Starting at the line below that contains "PKP IC EU160-063" and ending at the line that contains "Die sommergrünen Blätter", retype each line exactly as it stands, but omit the pictures.

■ ■ ■ ■ ■ ■ ■

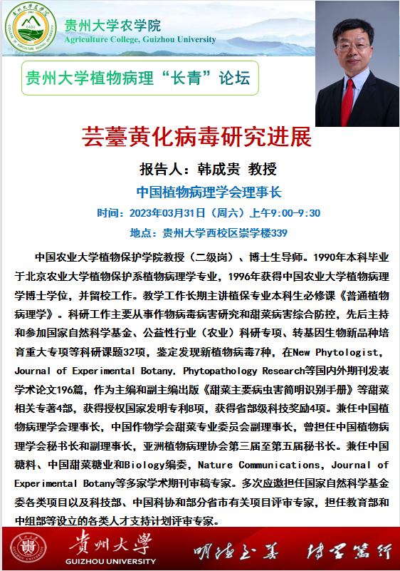 88038威尼斯植物病理“长青”论坛——中国农业大学韩成贵教授“芸薹黄化病毒研究进展”
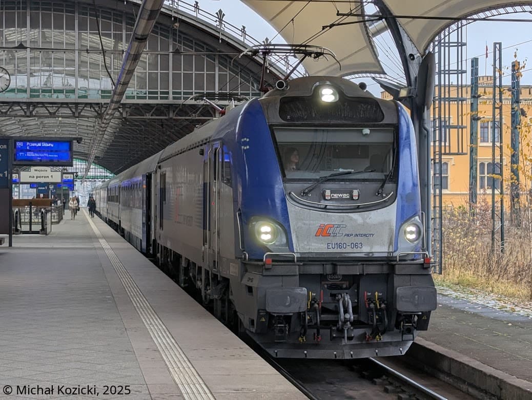 PKP IC EU160-063 makes a stop at Wroclaw Gl. on the IC "Falat" service from Poznan to Przemysl, Poland, 20.12.2025.
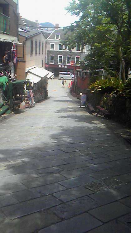 これはグラバー園に行くための坂道の終わりあたりです。坂道の両側には、お土産を売る店が、ぎっしりならんでいます。ちなみに、映像の真ん中辺りの右側が入り口で、入り口からも石段があり、それを登り切るとやっと入場ゲートです。
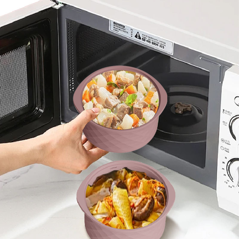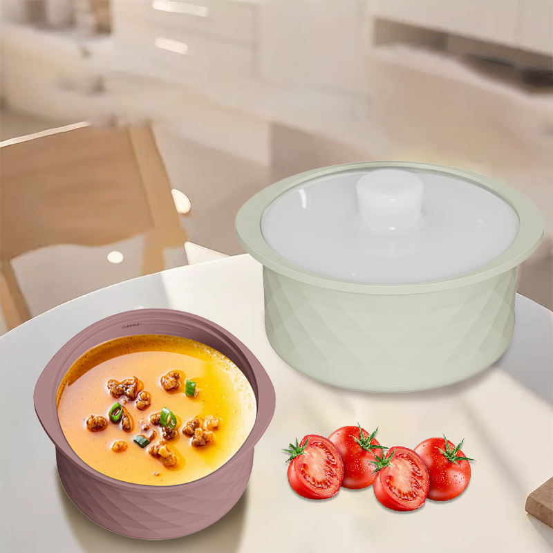 MOQ:100sets with Custom Silicone Food Steamer with Handle Lid
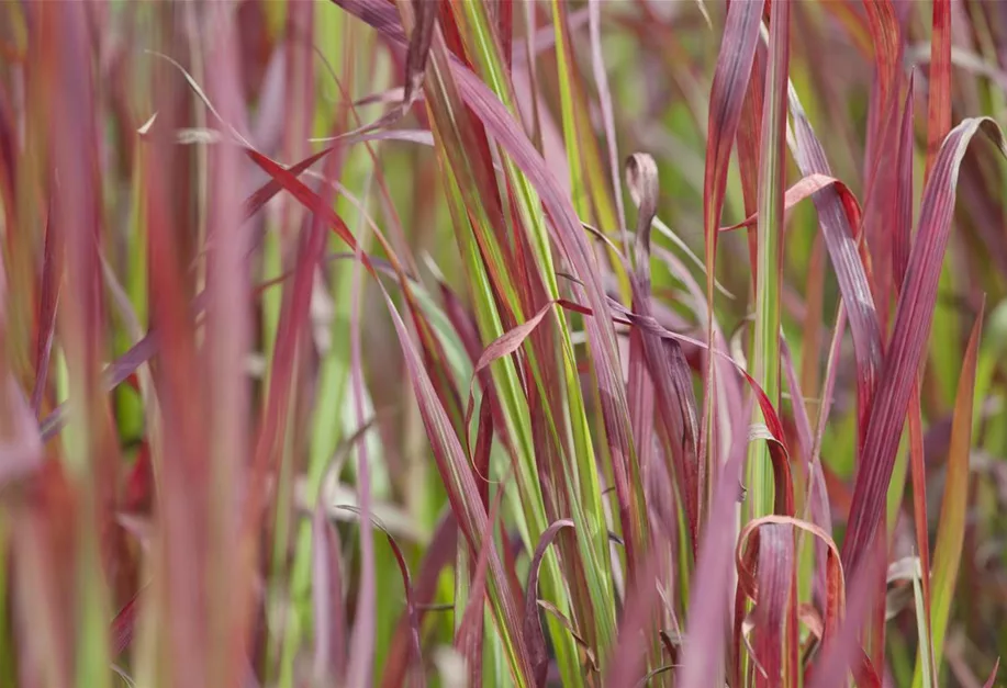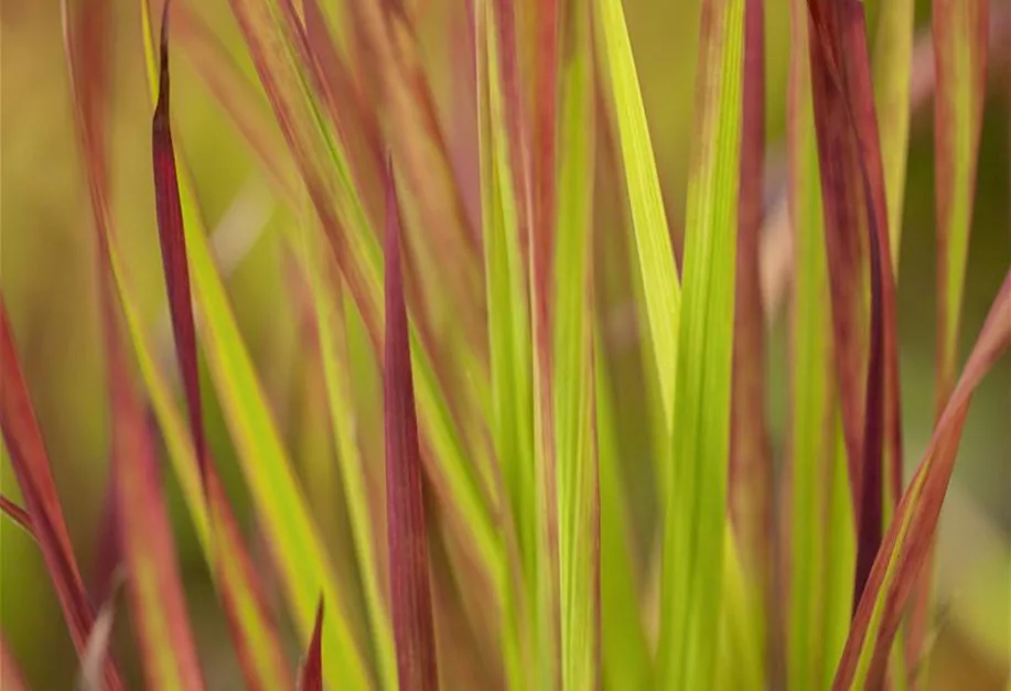 Die sommergrünen Blätter des Garten-Blutgrases 'Red Baron' sind grün-rot, lineal. Garten-Blutgras 'Red Baron' zeigt sich leuchtend rot im Herbst.
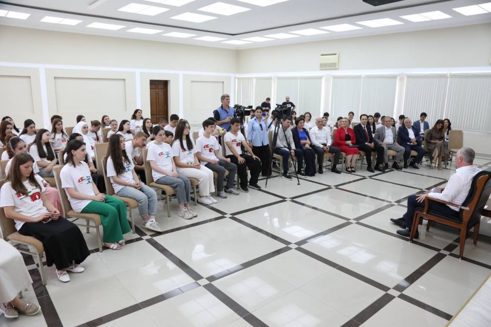 Президент Абхазии Бадра Гунба встретился сегодня с детьми из Северного Кавказа, которые отдыхают в лагере «Ахьышьрахь» («К истокам»).

■ ■ ■ ■ ■ ■ ■

TASK RESPONSE ::
 PKP IC EU160-063 makes a stop at Wroclaw Gl. on the IC "Falat" service from Poznan to Przemysl, Poland, 20.12.2025.
 これはグラバー園に行くための坂道の終わりあたりです。坂道の両側には、お土産を売る店が、ぎっしりならんでいます。ちなみに、映像の真ん中辺りの右側が入り口で、入り口からも石段があり、それを登り切るとやっと入場ゲートです。
 MOQ:100sets with Custom Silicone Food Steamer with Handle Lid
 Die sommergrünen Blätter des Garten-Blutgrases 'Red Baron' sind grün-rot, lineal. Garten-Blutgras 'Red Baron' zeigt sich leuchtend rot im Herbst.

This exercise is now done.